Nos últimos capítulos da obra, a ênfase recai sobre a descrição da cidade apostólica, seus hospitais, os locais de bela construção (fontes, capelas, imagens) e a grande Catedral. Contudo, esta descrição não se limita a dar uma ideia vaga ao leitor da organização e vista da cidade, mas sim uma concepção nos mínimos detalhes. No caso dos hospitais e da catedral, as características arquitetônicas das construções são colocadas extensivamente. Incluindo o uso da nomenclatura formal de colunas, arcos, abóbodas, contrafortes, capelas abissais e naves cruciformes. No caso da catedral, a descrição alcança a minúcia das medidas de altura, cumprimento e largura da nave principal e das auxiliares, do número de janelas e vitrais, da quantidade de colunas sustentadoras da construção.

Fica claro que era uma preocupação muito grande dos autores da compilação registrar a cidade e seus locais feitos em prol dos peregrinos. Assim como a beleza e complexidade das construções dedicadas ao apóstolo. O contorno que ganha essa preocupação é a de requisitar um leitor que as entenda. Independente da discussão da relevância e do alcance da descrição com termos técnicos, destacamos o fato de se esperar uma valorização, a observação destas características. O peregrino ao chegar a cidade, não devia apenas valorizar o espiritual e as relíquias, mas se admirar com a catedral, sua altura, seus vitrais. Da mesma forma, deviam ser valorizados os hospitais e as fontes de Compostela.

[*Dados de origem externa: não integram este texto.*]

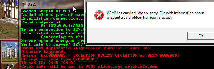 | Description | Map is VCMI_Tests_2012, Castle town is fully built from Map Editor (Grail included), except for Tavern. We can build Tavern if we start a new game, but if it's loaded from a save, the game crashes. As per screenshots, sometimes it crashes just before, sometimes just after the Tavern appears in the town screen. Crashdump + save attached (game saved at start, no actions before). This was not there in 0.92. I cannot test if it's introduced in 0.92b, because in there we couldn't build anything in a loaded game. This is a split from a discussion started in the notes of 0001272. As posted there, Ivan found it's something with the bonus system (duplicate lighthouse bonus? - see also console message in 2nd screenshot pointing the same): Crash on server, stacktrace: 0 ?? 0x3266250 1 CBonusSystemNode::unpropagateBonus HeroBonus.cpp 817 2 CBonusSystemNode::removeBonus HeroBonus.cpp 783 3 CGTownInstance::recreateBuildingsBonuses CObjectHandler.cpp 2489 4 NewStructures::applyGs NetPacksLib.cpp 444 5 CApplyOnGS<NewStructures>::applyOnGS CGameState.cpp 72 6 CGameState::apply CGameState.cpp 1849 7 CGameHandler::sendAndApply CGameHandler.cpp 2150 8 CGameHandler::sendAndApply CGameHandler.cpp 2182 9 CGameHandler::buildStructure CGameHandler.cpp 2486 10 BuildStructure::applyGh NetPacksServer.cpp 113 11 CApplyOnGH<BuildStructure>::applyOnGH CGameHandler.cpp 87 Maybe someone familiar with the bonus system can take care of it; and maybe also check if we can expect a similar bug on other towns. | ||||||||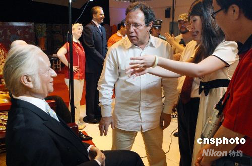 圖為國際奧林匹克博物館館長加貝特觀賞中國蠟像藝術作品。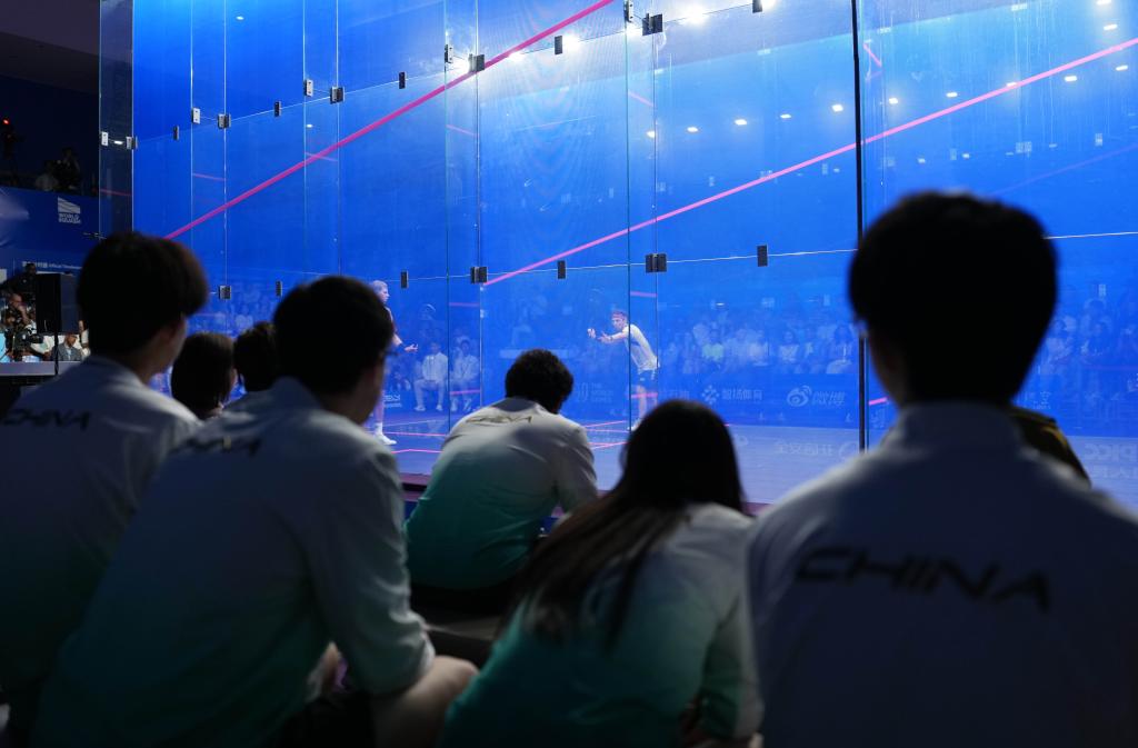 8月12日,中国壁球队在场边观看男子单打决赛。当日,在2025年成都世运会壁球男子单打金牌赛中,法国选手克鲁安战胜匈牙利选手福尔考什,夺得冠军。新华社记者 李旭伦 摄

Através das ferramentas teóricas, encontramos a preocupação dos autores da obra em subjetivar a figura do viajante como um personagem protagonista e singular no universo Ibérico. Relacionado com as questões contextuais do século XII entre a Península e a cristandade franca, o esforço para se construir uma identidade correlata e ao mesmo tempo que respeitasse a romanização se traduz neste caminhante. Assim, o aspecto de estrangeiro natural do peregrino se confunde com a identidade do cristão do norte dos Pirineus nas terras confusas da Península. A profissão sagrada do viajante se torna um espelho das boas características e virtudes do cristão, localizado em um tempo que a Igreja busca a moralização através das novas ordens monásticas. Por fim, o observador que deve estar atento às diversas formas de demonstração do sagrado pelo homem, em um momento que o contorno das igrejas está sendo discutido e reinventado.

Enfim, apesar de questionar a visão de uma fonte literária sobre um personagem específico e interno, este trabalho acabou por problematizar um contexto muito maior ao redor da peregrinação e suas relações no século XII. E, mesmo sem estipular justificativas concretas para as características encontradas, desenhou um esboço do peregrino de Santiago de Compostela em suas formas fundamentais. Um desenho do viajante a partir da obra que mais tentou lhe certificar.